New York independent insurance agents are not too happy that Zurich Financial Services has decided to implement nationwide the stricter of two agency compensation disclosure policies it signed as part of recent settlements with various states.
According to the Independent Insurance Agents and Brokers of New York, Inc. Zurich officials recently confirmed to them that Zurich would disclose to insureds before binding a policy the standard commission it pays for each type of policy. That disclosure policy flows from a class action settlement Zurich signed with the attorneys general of 12 states over charges of improper transactions with large insurance brokers.
The compensation disclosure provisions in that 12-state agreement are stricter than those of a second class action settlement Zurich signed with Connecticut, Illinois and New York. This tri-state agreement does not call for pre-binding disclosure of specific commissions, as does the 12-state agreement.
According to IIABNY officials, who said they requested a meeting with Zurich, company officials informed them they plan to enforce the stricter disclosure rule in all states despite the less restrictive agreement with Connecticut, Illinois and New York.
“The association’s officers, staff and legislative representatives were disappointed to learn that Zurich, for reasons of consistency and expense, plans to implement the more restrictive nine-state settlement across the country,” IIABNY said in a statement.
IIABNY would prefer that Zurich use the tri-state agreement.

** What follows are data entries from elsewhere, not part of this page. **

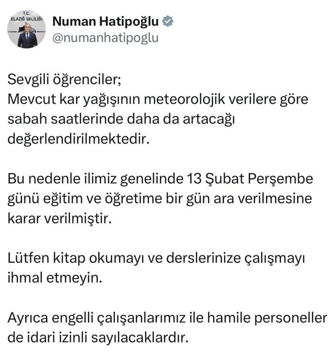 <div>Elazığ’da kar yağışı nedeniyle kent genelinde eğitime 1 gün ara verildi.</div><div>Elazığ Valisi Numan Hatipoğlu sosyal medya hesabından yaptığı açıklamada, "Mevcut kar yağışının meteorolojik verilere göre sabah saatlerinde daha da artacağı değerlendirilmektedir. Bu nedenle ilimiz genelinde 13 Şubat Perşembe günü eğitim ve öğretime bir gün ara verilmesine karar verilmiştir. Lütfen kitap okumayı ve derslerinize çalışmayı ihmal etmeyin. Ayrıca engelli çalışanlarımız ile hamile personeller de idari izinli sayılacaklardır" ifadelerini kullandı.</div><div><b>Kaynak:</b> IHA</div>
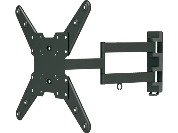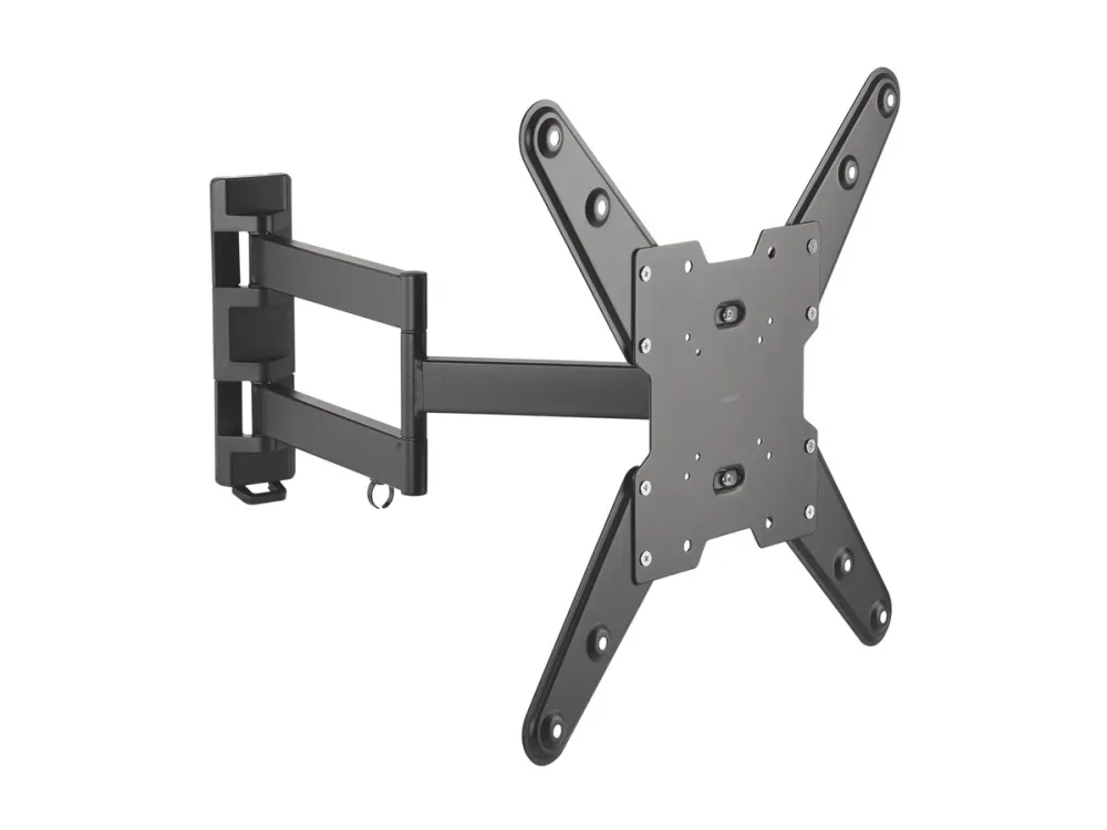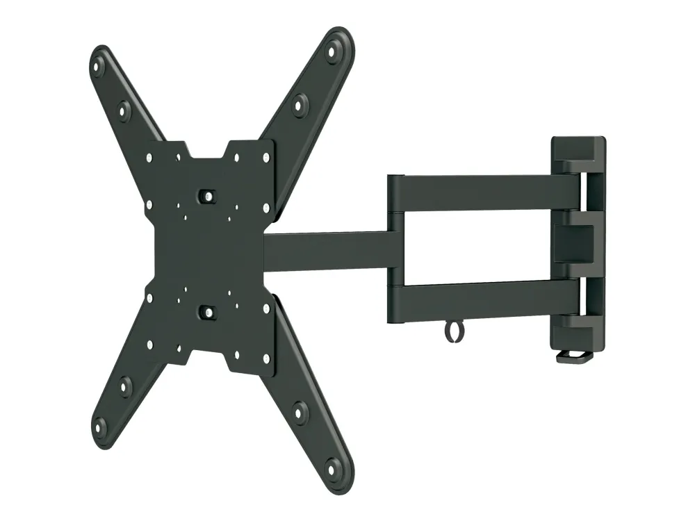 Veggfeste med treleddet arm som gjør at den kan røres i både sideledd og i dybden. På veggplaten og på armen fins kroker som holder orden på kablene. Festeplaten for skjermen er modulær noe som gjør at festet passer like bra for en liten skjerm som for en stor uten at noe stikker ut på sidene.
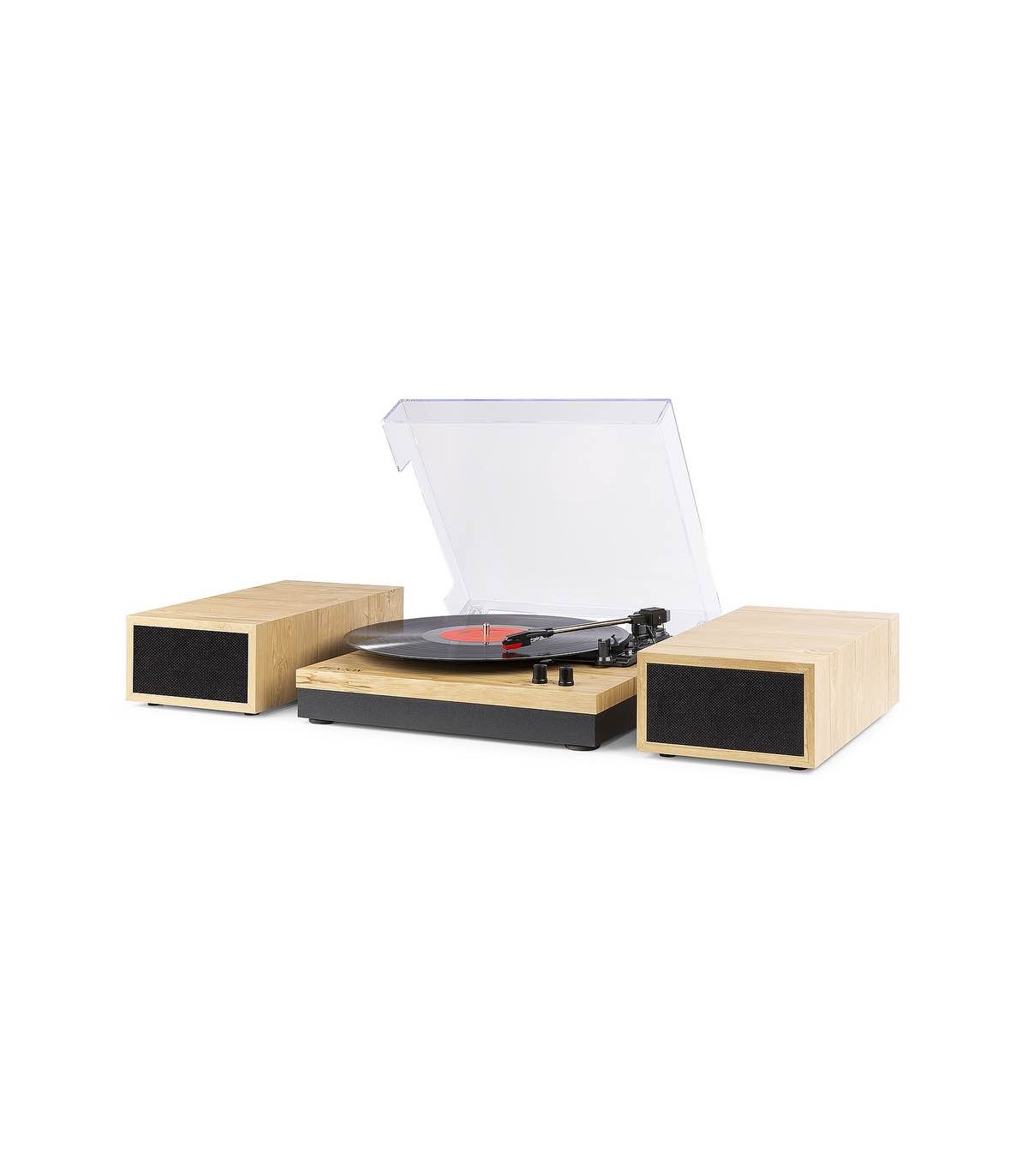 Il giradischi Fenton RP165 con amplificatore integrato è elegantemente semplicistico nel design. Ascolta i tuoi dischi in vinile con un suono ottimale regolando il volume sui due altoparlanti inclusi. Questi doppi altoparlanti stereo da 50 watt riproducono la musica da un giradischi a 3 velocità (33 1/3, 45, 78 giri/min) o dalla tecnologia BT integrata per riprodurre musica in streaming in modalità wireless da qualsiasi dispositivo abilitato BT.
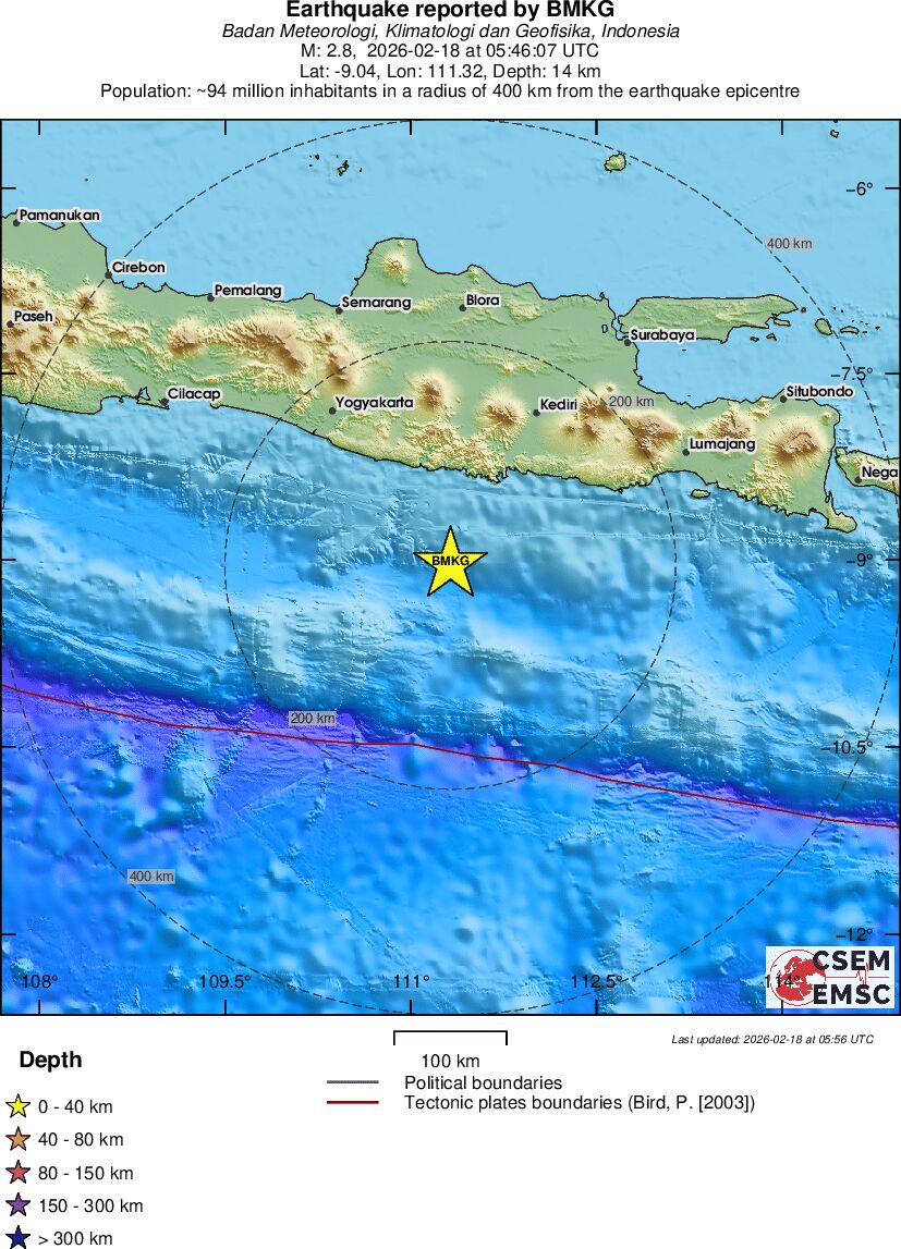 | 2.8 | 14 | 11653 | 06:46 | Enlace | Terremoto pequeño - SOUTH OF JAVA, INDONESIA - Hoy |
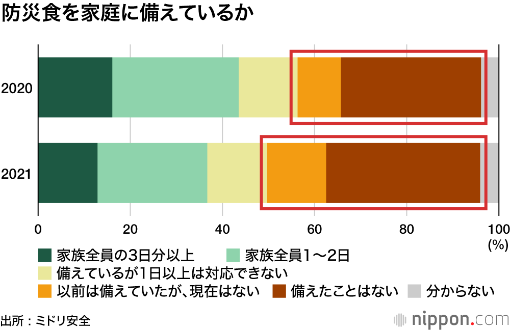防災食(非常食)を自宅に備えているかを聞いたところ、「家族全員が3日以上対応できる量を備えている」と回答した人は、わずか12.9%。一方、防災食の備えはゼロ(「以前は備えていたが、現在はない」「備えたことはない」の合計)の人は46.3%に上った。全く備えていない人の割合は前年の調査より6.4ポイント増加した。
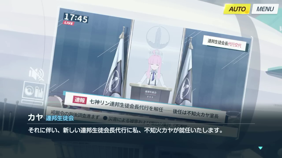 突如、連邦生徒会の緊急アラートが鳴り、緊急声明が発表される。声明の内容は、首席行政官であるリンの失脚と、新たな連邦生徒会長代行にカヤが就任するという内容だった。
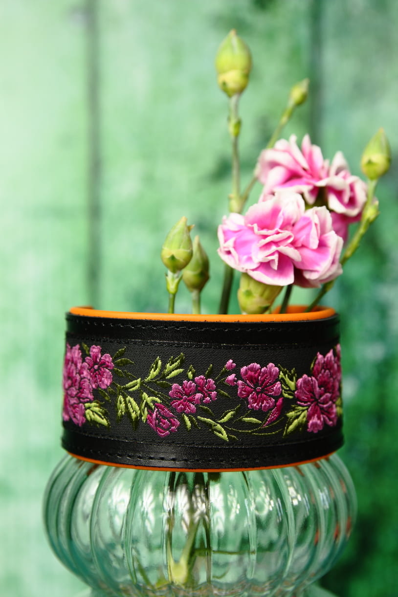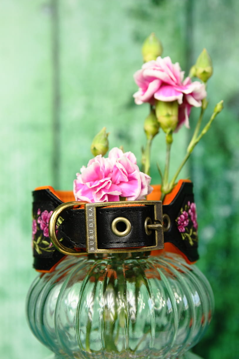 Skórzana obroża w kolorze czarnym z tkaną taśmą z motywem różowych kwiatów. W słońcu przepięknie mieni się w trójwymiarze. Pomarańczowe energetyzujące podszycie. Klamerka w kolorze starego złota. Subtelny grawer z logo.
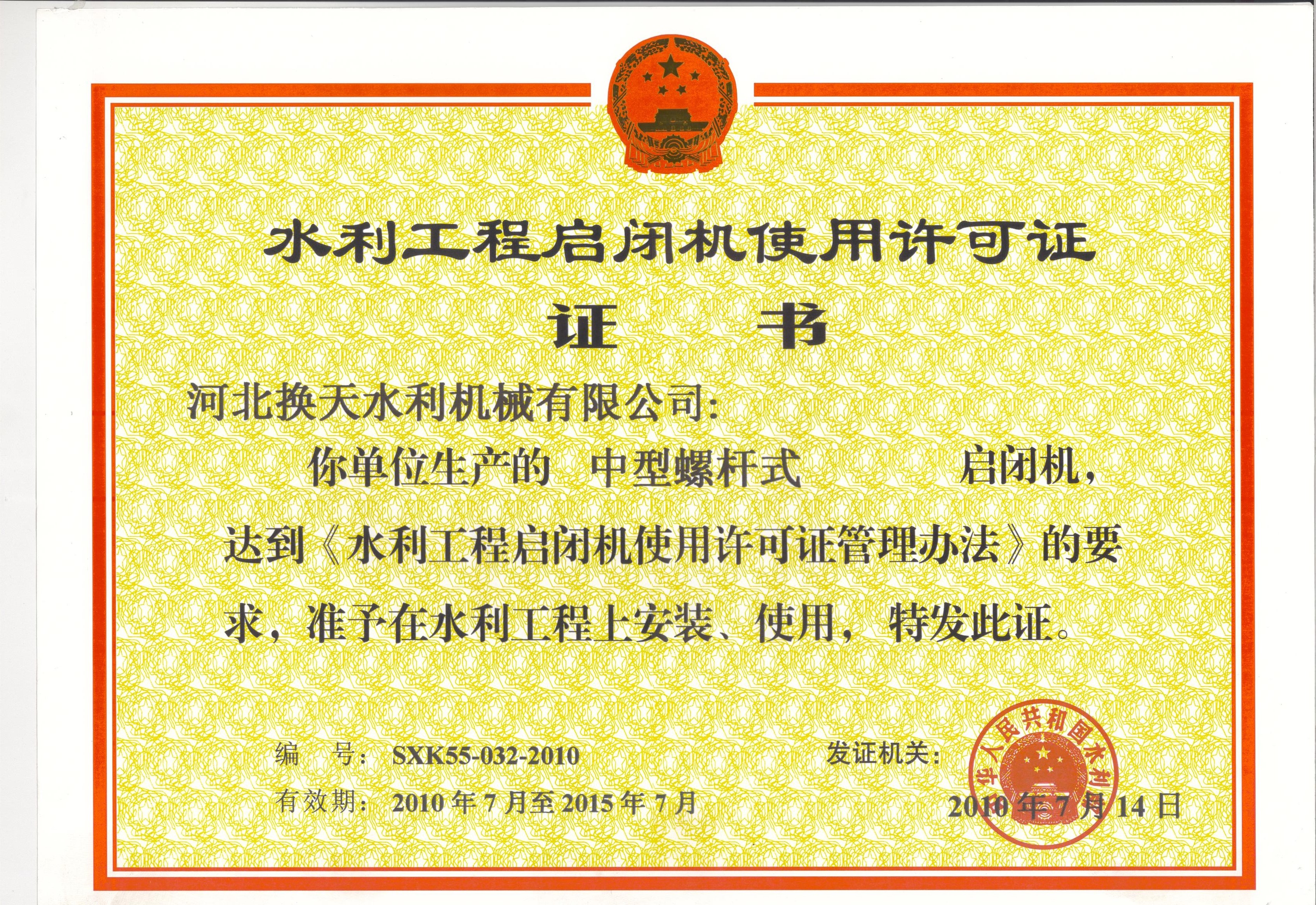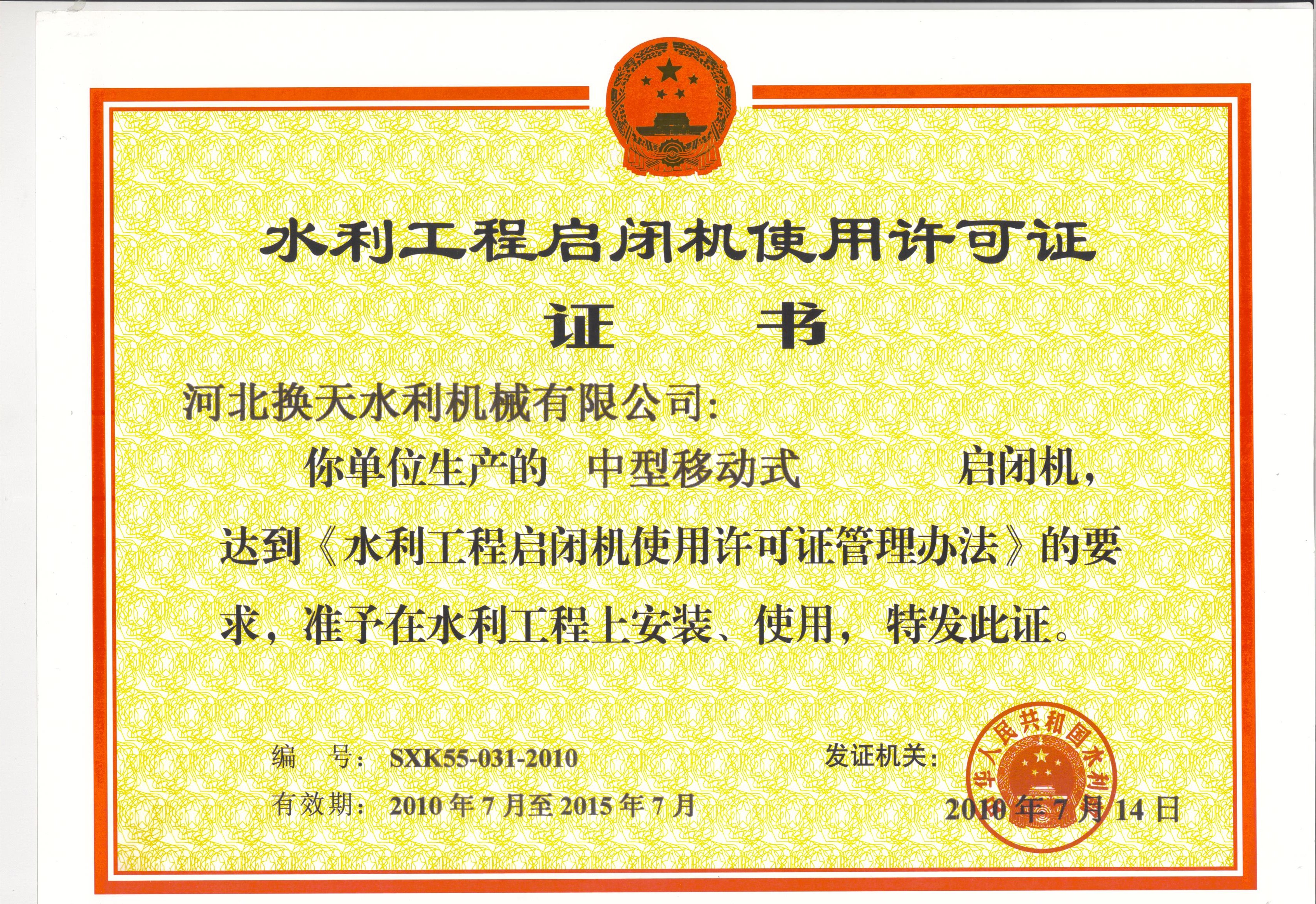 水利工程啟閉機使用許可證
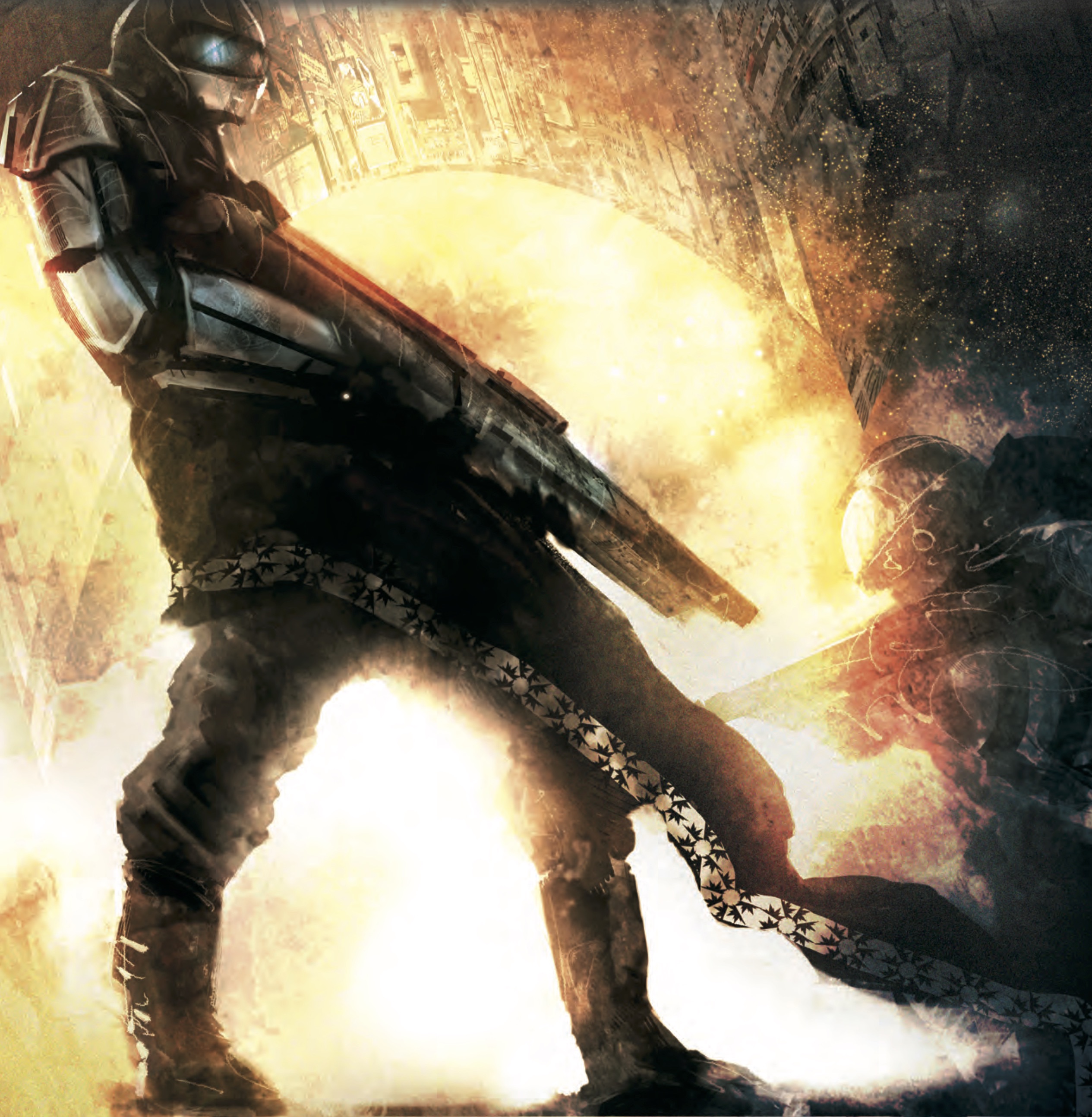 The third wave walked straight into the full fury of Adam’s machine gun, and were cut down viciously. As soon as the second wave’s leader had been put down by his own men Al Hamra dominated the third wave’s leader and forced him to attack his own men, and also to tell the station’s central command that the intruders had been killed. This strategy only partially worked; the fourth wave hit while they were cleaning up the remains of the third wave, and finally they were forced into a pitched battle with the remaining troops. By this time Siladan had been disarmed of his dura halberd and was fighting with his hand fan, several of the team’s weapons had overheated or malfunctioned (including Clementine’s meson pistol, which they needed intact to fight the exo armours), and finally Al Hamra took a hit from a vulcan carbine that completely destroyed his droid casing, killing his robot shell and forcing his consciousness back to the ship.
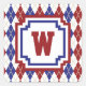 Argyle goes 8-bit and Americana with this red, white, and blue colour scheme. A light tan contrast stitch adds a touch of retro feel. Customise the monogram with the appropriate initial for a personalised touch.
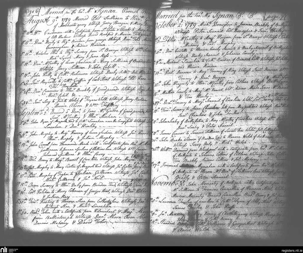 St. Finbarr's, Cork city; County of Cork; Diocese of Cork and Ross. Marriages, Aug. 1789 to Nov. 1789

The group said that the 12-state agreement is “far more onerous and intrusive.”
Keith Owen, Zurich spokesman, told Insurance Journal that the company has previously notified its more than 18,000 producers in a letter about its plans to implement the same disclosure policy in all states. “We believe in transparency,” he said, explaining that the company could not justify having one policy for most of the country and a separate one for Connecticut, Illinois and New York.
He said the company is also working to satisfy the terms of both agreements to provide additional compensation information and should have a web site for that purpose up-and-running before the September deadline.
Owen declined to respond specifically to IIABNY’s statement.